Things get even stranger at the very end, as the (real) story takes a few unexpected twists and turns - the last one of which I still don't really understand.

On a tangenial note - in the chapters told through the eyes of the Canadian, Coupland frequently mentions specific Canadian things (newspapers, foods, stores, etc.). Robert J. Sawyer likes to do the same thing, and I find it one of his most irritating characteristics as a writer - yet I have no problem with Coupland doing it. The difference? Coupland mentions them in passing - "Lucy stopped at Mac's Milk for a lottery ticket" - while Sawyer, choosing to bore his audience rather than potentially alienate them, explains every Canadian reference in excruciating detail.

Overall, Generation A is a book that starts out great, drags itself down to decent, and finishes up weird. At least you won't be guessing the ending before you get there.

Gretzky's Tears

Stephen Brunt has long been considered the best sportswriter in Canada, and I'd start expanding that honour - even though he mainly writes about sports, he's one of the best writers in Canada.

I've read a few of Brunt's books in the past, going back as far as Diamond Dreams, his 1996 history of the first twenty years of the Toronto Blue Jays' existence. Diamond Dreams demonstrates Brunt's amazing ability at pure journalism - exhaustively resarching an issue, getting quotes from key players, and distilling it all into an interesting book - but the prose isn't anything special.

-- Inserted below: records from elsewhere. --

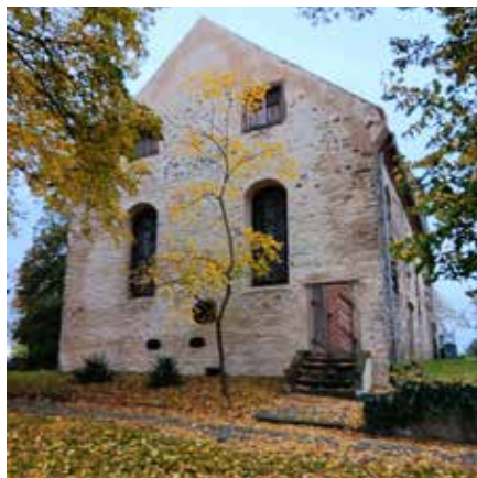
Die Treppe an der Patronatsloge an der St. Andreaskirche in Hundisburg bekommt zur Sicherung noch ein Geländer. Besucher können dann einen Blick in die Kirche werfen, auch wenn diese geschlossen ist.

„Die Anzahl der eingereichten Projekte und die gute Beteiligung bei der Online-Abstimmung ist überraschend und erfreulich“, kommentiert Bürgermeister Bernhard Hieber das Ergebnis.
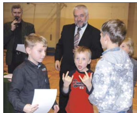
Wręczaniu dyplomów towarzyszyła radość i rozluźnienie
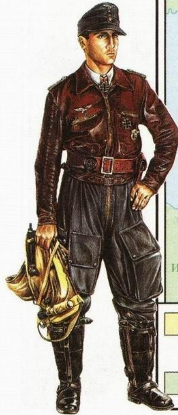
Немецкий военный лётчик времён Второй мировой войны.
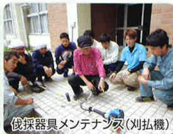
伐採器具メンテナンス(刈払機)
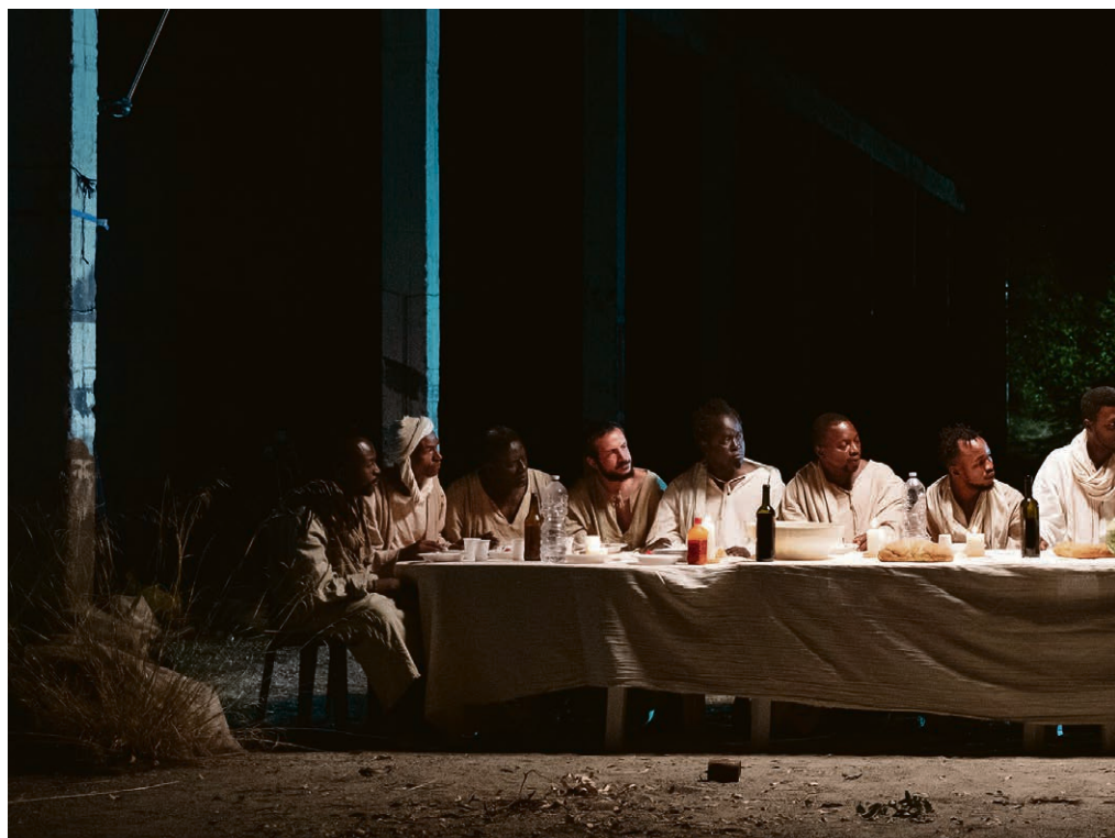
L'affiche de «Le Nouvel Evangile» de Milo Rau (actuellement en salles) s'inspire de la Cène dans ses décors plus que dans la gestuelle, en faisant incarner toute l'assemblée par des personnes de couleur.

« La série « Ecce homo » , qui relate des épisodes de la vie de Jésus transposés dans le milieu LGBT, installe des drag queens

Gretzky's Tears combines that journalistic ability with some excellent writing, beautiful descriptions of hockey and what it means to Canadians (occasionally and sharply contrasted with lines like "Bruce McNall was pretty much fucked").

Gretzky's Tears is a mini-biography of Wayne Gretzky - going through his childhood and junior career, but only relaying information that relates to its central themes. All those themes can be found in the lead-up to and August 1988 announcement of the trade that would send Gretzky from the Edmonton Oilers to the Los Angeles Kings.

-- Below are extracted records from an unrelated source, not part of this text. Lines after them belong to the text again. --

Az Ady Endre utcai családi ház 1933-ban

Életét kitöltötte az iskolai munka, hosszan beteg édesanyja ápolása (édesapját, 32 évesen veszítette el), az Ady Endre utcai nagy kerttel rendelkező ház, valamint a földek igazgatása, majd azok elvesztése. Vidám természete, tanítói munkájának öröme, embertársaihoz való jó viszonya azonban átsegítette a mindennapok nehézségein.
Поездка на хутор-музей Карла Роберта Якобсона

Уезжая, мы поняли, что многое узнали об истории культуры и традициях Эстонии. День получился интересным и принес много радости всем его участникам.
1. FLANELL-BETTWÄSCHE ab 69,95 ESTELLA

Most amazing is that Brunt is able to paint a vivid picture of Gretzky and get inside his mind - all without ever once speaking to him (at least not for this book). Initially I thought this was done on purpose - I remember in one journalism class or another, being told that the most powerful stories are often the ones where you interview everyone except the principal character involved - but as the acknowledgments at the end make clear, Gretzky denied Brunt's interview request (as did Peter Pocklington, for the more obvious reason that he was working on his own book about the trade).

My only real gripe with the book is how quickly everything after the trade is glossed over. I realize that Brunt didn't set out to write a biography, but that is to some extent how it reads - until Gretzky leaves LA for St. Louis, at which point his short run there, his years with the New York Rangers, and his involvement with the Canadian Olympic teams and Phoenix Coyotes are explained in the tiniest amount of detail.but

One of Brunt's main themes is that Gretzky somehow remained a cultural icon in Canada even after he left the country and rejected overtures to return (he mentions this so often that I anticipated the epilogue's mention of Gretzky refusing to leave Phoenix even for the chance to coach an NHL team in Hamilton, just down the road from where he grew up, well in advance of even getting to the epilogue).

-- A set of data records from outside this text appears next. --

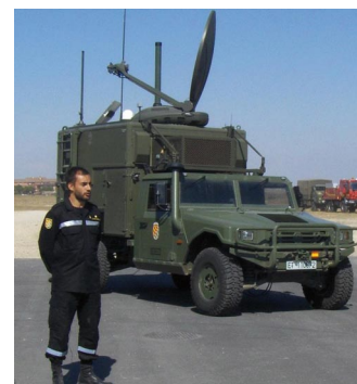
El Comandante Carmelo Benito en la Unidad Militar de Emergencias de Zaragoza (España)

Base Aérea de Torrejón. En total, una vez finalice el proceso de constitución de la UME como ya he mencionado, 3.987 hombres y mujeres.
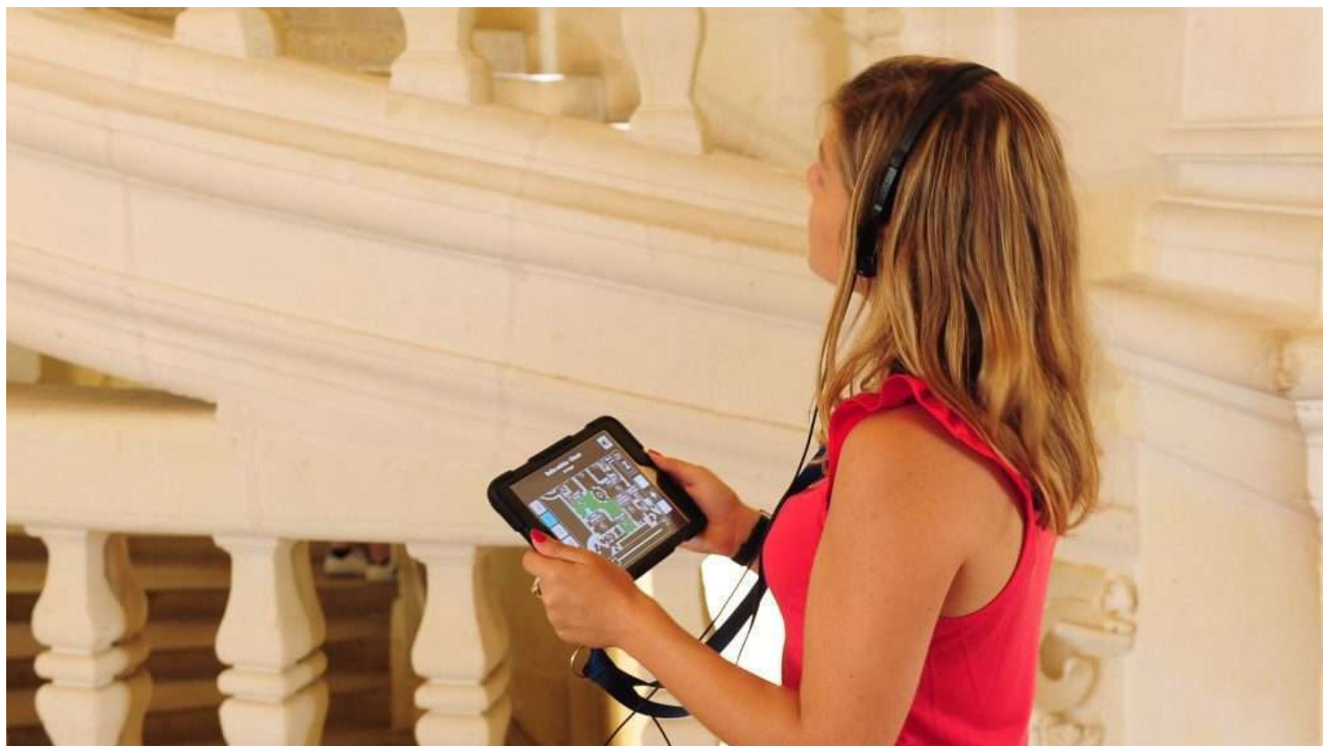
Léonard de Serres - Domaine National de Chambord

l' HistoPad , un tablet che offre una nuova esperienza di visita virtuale, sarà presto disponibile in cinque Castelli della Loira: Chambord, Blois, Loches, Amboise e Chinon. Innovazione tecnologica di recente introduzione, l'HistoPad è un tablet dotato di un'applicazione capace di far immergere virtualmente il visitatore in alcuni spazi di un luogo storico. Navigando col tablet fornito all'ingresso il visitatore vede l'ambiente che lo circonda com'era in epoca rinascimentale, oppure nei secoli precedenti, fornendo informazioni su fatti storici, dettagli architettonici, oggetti e personaggi del luogo in cui si trova.
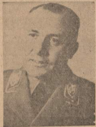
Argentinios policija suėmė itariama smerti, kurs yra labai panašus į Hitlerio karo metų padėjėją Martina Bormanną (matomas vaizdelyje). Bormann yra Nuerembergo teismo už akių nuteistas pakarti. Vėlesnėmis žiniomis, Argentinios tardytojai pradeda abejoti, kad jų suimtasis asmuo būtų Bormann.
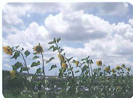
▲デイサービス裏にたくさんのひまわりが咲きました
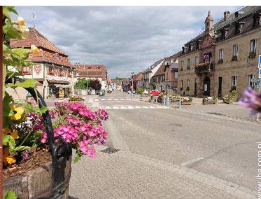
widok na wieś
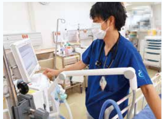
人工呼吸器の設定変更操作

I would suggest, though - in a counter-argument that Brunt never gives - that if Gretzky were to return to Canada, he might find his celebrity status overwhelming. He's a celebrity in the US, yes, but on nowhere near the same level - he's just a celebrity. In Canada, he'd be a celebrity and a friend - constantly being hit up for golf games, speaking engagements, and whatever else. I'd get sick of that pretty quickly, and maybe Gretzky would too.

Still, it's a very good book, recommended to anybody with at least a passing interest in Wayne Gretzky as either a hockey player of a celebrity.